_What is being asked:_
Return the data below exactly, please, but drop the pictures.

_Material provided:_
=== Section Start ===

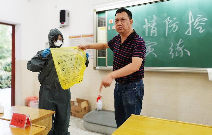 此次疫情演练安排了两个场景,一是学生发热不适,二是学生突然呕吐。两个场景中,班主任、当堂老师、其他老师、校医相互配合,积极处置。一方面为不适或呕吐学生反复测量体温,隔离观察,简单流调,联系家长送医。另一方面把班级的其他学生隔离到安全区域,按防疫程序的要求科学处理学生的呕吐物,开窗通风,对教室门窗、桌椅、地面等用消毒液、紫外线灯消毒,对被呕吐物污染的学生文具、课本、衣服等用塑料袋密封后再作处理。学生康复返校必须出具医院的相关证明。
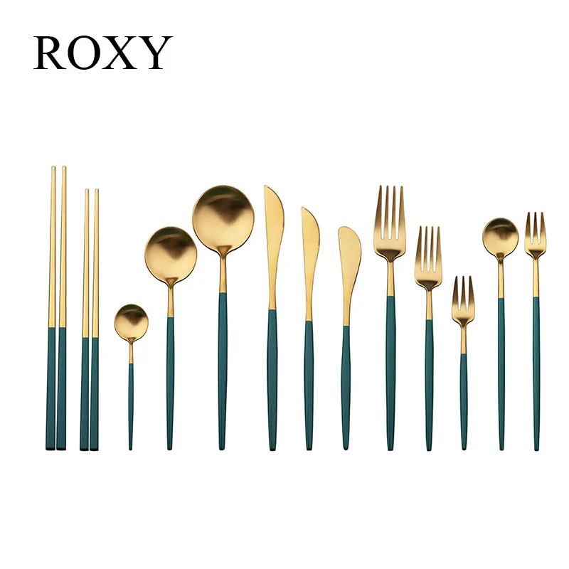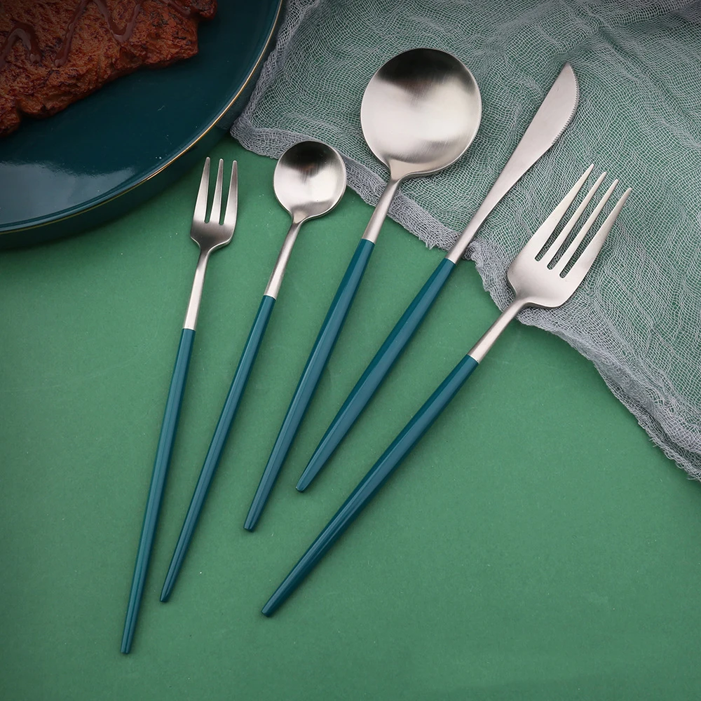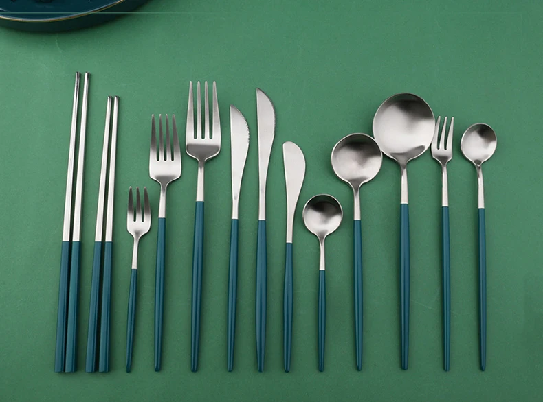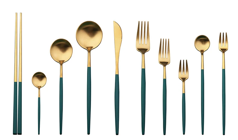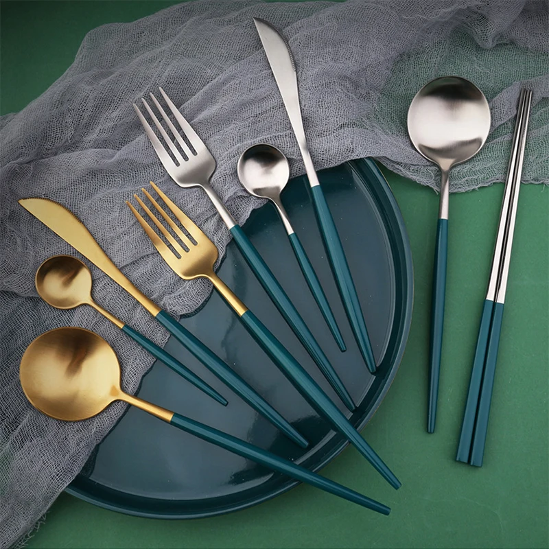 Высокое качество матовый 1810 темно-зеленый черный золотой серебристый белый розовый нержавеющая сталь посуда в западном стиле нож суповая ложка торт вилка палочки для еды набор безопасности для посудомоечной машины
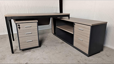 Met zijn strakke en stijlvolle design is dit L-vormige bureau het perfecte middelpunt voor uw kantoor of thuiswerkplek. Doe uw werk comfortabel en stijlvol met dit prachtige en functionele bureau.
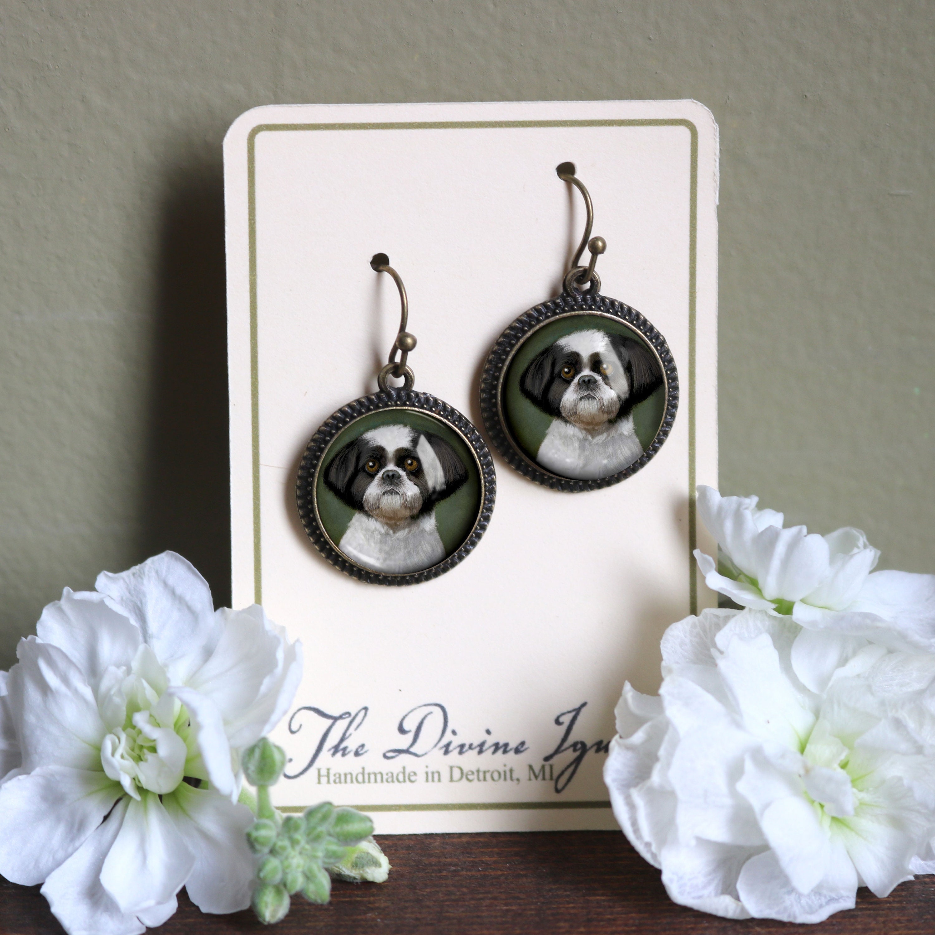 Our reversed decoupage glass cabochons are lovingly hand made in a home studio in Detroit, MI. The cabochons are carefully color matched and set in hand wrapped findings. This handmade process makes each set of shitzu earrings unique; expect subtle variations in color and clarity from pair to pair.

=== Section End ===

_Expected output:_
 此次疫情演练安排了两个场景,一是学生发热不适,二是学生突然呕吐。两个场景中,班主任、当堂老师、其他老师、校医相互配合,积极处置。一方面为不适或呕吐学生反复测量体温,隔离观察,简单流调,联系家长送医。另一方面把班级的其他学生隔离到安全区域,按防疫程序的要求科学处理学生的呕吐物,开窗通风,对教室门窗、桌椅、地面等用消毒液、紫外线灯消毒,对被呕吐物污染的学生文具、课本、衣服等用塑料袋密封后再作处理。学生康复返校必须出具医院的相关证明。
 Высокое качество матовый 1810 темно-зеленый черный золотой серебристый белый розовый нержавеющая сталь посуда в западном стиле нож суповая ложка торт вилка палочки для еды набор безопасности для посудомоечной машины
 Met zijn strakke en stijlvolle design is dit L-vormige bureau het perfecte middelpunt voor uw kantoor of thuiswerkplek. Doe uw werk comfortabel en stijlvol met dit prachtige en functionele bureau.
 Our reversed decoupage glass cabochons are lovingly hand made in a home studio in Detroit, MI. The cabochons are carefully color matched and set in hand wrapped findings. This handmade process makes each set of shitzu earrings unique; expect subtle variations in color and clarity from pair to pair.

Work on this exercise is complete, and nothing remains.